What’s so bad about my bad credit?

Have you missed payments on your loans? Do you pay your credit card late? Are you carrying big balances? Have you ever filed for bankruptcy?

You could have bad credit.

Bad credit is a signal to lenders that you’re unlikely to pay back your debts. Credit rating agencies Equifax, Experian and TransUnion assign you a credit score based on your financial history. Anything over 700 is generally considered good.

But a credit score below 600? That’s “bad credit,” according to Douglas Boneparth, a financial advisor with Bone Fide Wealth.

What’s so bad about bad credit?

Credit cards, mortgages, and bank loans can be hard to come by with a low credit score.

A credit score of under 600 can take a lot of the best rates off the table, according to Boneparth. Sometimes you won’t be able to get a credit line altogether and some of the most popular cards, including the Chase Freedom, Bank of America Premium Rewards and Citi Double Cash cards would be more difficult to get with a bad score.

You’ll pay higher interest rates and premiums on financial transactions. That translates to higher costs for you.

It’s not uncommon for interest rates on credit cards to reach as high as 22% and auto loans to reach 15%.

“These higher interest rates can add up to thousands of dollars,” says Ashley Dull, a finance vertical manager at Digital Brands, Inc.

Auto insurance also relies on credit scores, which are used to set rates in many states. Lower credit scores lead to higher premiums.

Employers won’t hire you and landlords won’t rent to you with a history of bad credit.

By federal law, an employer can look at your credit history, which shows debt, loans, credit accounts, and much more. A survey from the Society for Human Resources Management, a network of HR professionals, found that 47% of employers conduct credit checks.

As more employers are checking credit histories, Dull says that financial irresponsibility may put an applicant at a disadvantage when stacked up against others with similar qualifications. Zoe Argento, an employment and labor lawyer with Littler Mendelson, agrees — to an extent.

“This tends to be more likely in the case of a job that involves significant fiduciary responsibility, for example, signing authority on the company’s bank account,” says Argento.

She adds that if an employer is considering not hiring someone because of his or her credit history, the employer has a responsibility to provide notice and a summary of the report used. More often than not, however, employers just use a credit history to verify your education and work background. Landlords do the same to determine whether you’ll be able to make next month’s rent.

What can I do to fix this?

It’ll take more than one missed payment to get slammed with these financial setbacks. However, a pattern of missing payments, maxing out credit cards, and living beyond your means can set you back quite a bit, especially when you’re in your 20s and trying to make a life for yourself.

A bad credit score doesn’t have to follow you around like the plague though, it can be remedied.

“The best advice I can give anyone to maintain a good credit score is to always, always pay your bills on time,” says Dull.

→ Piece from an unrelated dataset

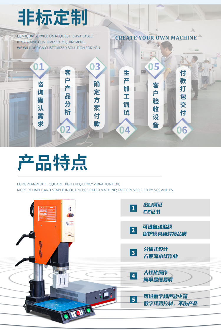 5. 超聲波發(fā)生器電箱: 美式數(shù)字線路,微電腦屏幕,人性化操作,簡單易懂易調(diào),精確的時間控制,可1ms遞增減,無時間差;

The length of your credit history will impact your score, so applying for a new card to shop for the holidays may not be the best move. Those with longer credit histories tend to have higher scores.

The amount of money you charge on a credit card also makes a difference. Start living within your means by establishing a budget, according to Andrea Woroch, a money saving expert. Keeping your credit usage low typically leads to higher scores than maxing out cards.

“A credit card can help you build credit, but it’s important that you don’t abuse it,” says Woroch. “You should never use more than 30% of your available credit. Once you go beyond this percentage, your credit score will be negatively impacted.”